Darcy Robinson (May 3, 1981September 27, 2007) was an Italian/Canadian professional ice hockey defenseman who was a former Pittsburgh Penguins draft pick. Robinson split five seasons between the AHL and ECHL, playing for both Pittsburgh Penguins' affiliates in Wilkes-Barre and Wheeling before joining HC Asiago in 2005.

Death
Robinson started his third season with Asiago HC on September 27, 2007. Less than  minutes into the opening game of the 2007-08 Serie A season vs Ritten-Renon, Robinson collapsed to the ice without being hit, suffering a heart attack. He was pronounced dead before he reached the hospital. The team was informed of Robinson's death with less than 8 minutes left in the game, and the game was suspended. At the time of his death, Robinson was 26 years old.

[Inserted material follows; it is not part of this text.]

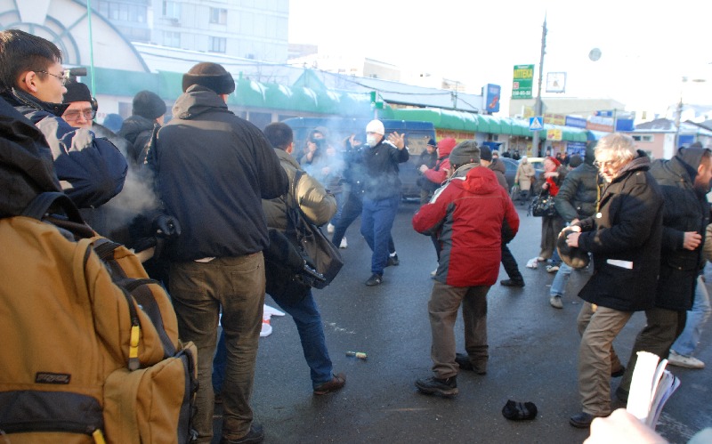 Нападение удалось отбить, однако несколько "несогласных" были задержаны: фотокорреспондент Алескей Касьян, активист ОГФ Владимир Ионов, депутат муниципального собрания района Отрадное Владимир Вельмакин (отпущен сразу после задержания), координатор "Обороны" Эдуард Глезин, активист "Смены" Станислав Яковлев, активисты ОГФ Ирина Набатова и Ида Милославова. Они доставлены в ОВД "Якиманка".

Serie A would later cancel all of the scheduled games the following night, postponed the match between Asiago and Pontebba two nights later, and all of the games scheduled on the upcoming weekend. The ANSA news agency reported Friday the local prosecutor's office has opened an official inquiry into Robinson's death.

It was later discovered that Robinson had a rare heart condition that factored into his heart attack.

Personal
Robinson held dual citizenship as an Italian/Canadian at the time of his death and was looking to qualify for the Italian national hockey team.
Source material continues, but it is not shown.